Acharyulu has set a deadline of November 16 for the RBI Governor Urjit Patel to comply with his order and furnish the information about those owing Rs 1,000 crore or more to the banks. Now, the Supreme Court itself did not fully appreciate the downsize of naming those owing big money to the banks. One, naming them might harm their interests in case their businesses are running and engaged in repayment of the loans since their associates and customers might lose further confidence in their credit worthiness.

In such a situation, even those businesses which are trying to get back on their feet in order to clear their debt might suffer a huge blow, an outcome that would scupper whatever little chance there might be of the banks recovering their funds. Two, not all borrowers are willful defaulters. Quite a few are victims of the adverse business cycle and might be waiting for the tide to turn for them to pay off the debt to the banks. Yes, there is yet another category of borrowers who having siphoned off funds into private accounts need to be dealt with sternly.

The banking regulator is already engaged in proceeding against these willful defaulters, forcing them to sell their assets so that the lending institutions can recover their loans, if not all of it at least as much as is possible under the circumstances. Sitting on his high perch, Acharyulu has not even spared the Finance Ministry, ticking it off for not explaining the action taken or contemplated for recovering bad loans from willful defaulters.

If only Acharyulu cared to follow the financial news he would realise that the ordinary people are already well aware of the strenuous efforts being made to recover money from willful defaulters. A number of marquee names in the world of business and industry have been forced to sell their assets under distress to ensure that they pay up their loans to the banks. Proceedings under the bankruptcy and insolvency law have been launched against quite a few defaulters.

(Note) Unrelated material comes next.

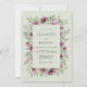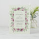 Este design apresenta uma paleta de verde suave salgueira adornada com um arranjo exuberante de papoulas roxas delicadas em aquarela e folhagens verdes. Esses elementos botânicos criam uma atmosfera romântica e arejada, perfeita para um evento de primavera ou verão. Tons profundos de ameixa contrastam lindamente com o fundo pálido, oferecendo uma estética inspirada no vintage para o seu dia especial.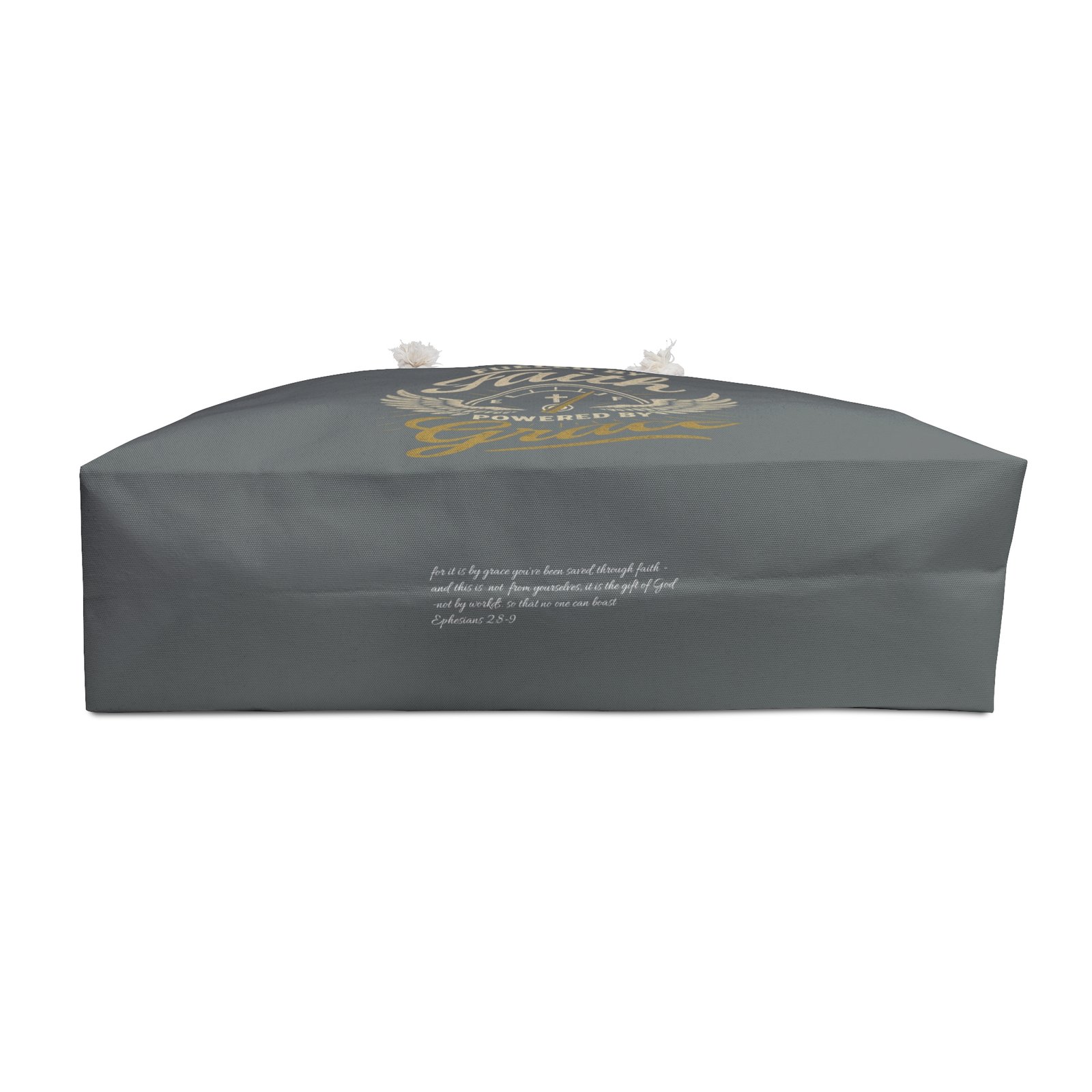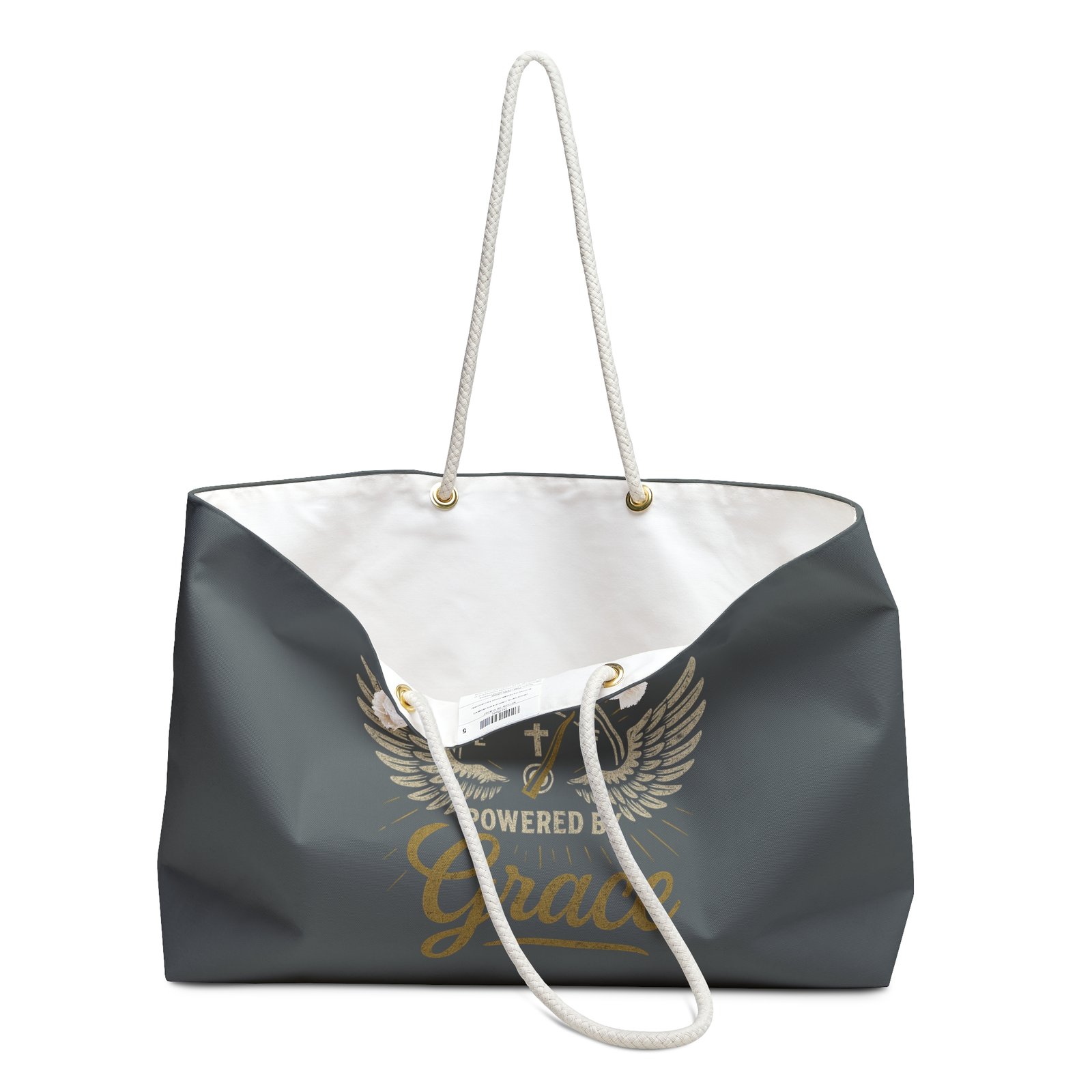 Dark Grey Weekender Bag with Fueled by Faith, Powered by Grace Design

For the first time in free India, businessmen are being made to pay up or else face sternest possible punishment in sharp contrast to the practice hitherto when the defaulters were able to evergreen their loans in collusion with the incumbent authorities or using the same route were able to get these completely written off. Acharyulu would have not flexed his ‘CIC muscle’ had he cared to appreciate the factors why it is bad for the recovery of bank loans if the borrowers’ names are made public.

Naming and shaming them would not serve any public purpose but it would certainly lower the chances of the banks recovering their loans. Yes, the Supreme Court is not infallible, though it is final. The RBI ought to have gone back to the apex court and asked for the order to be revised given that its implementation would harm the public interest.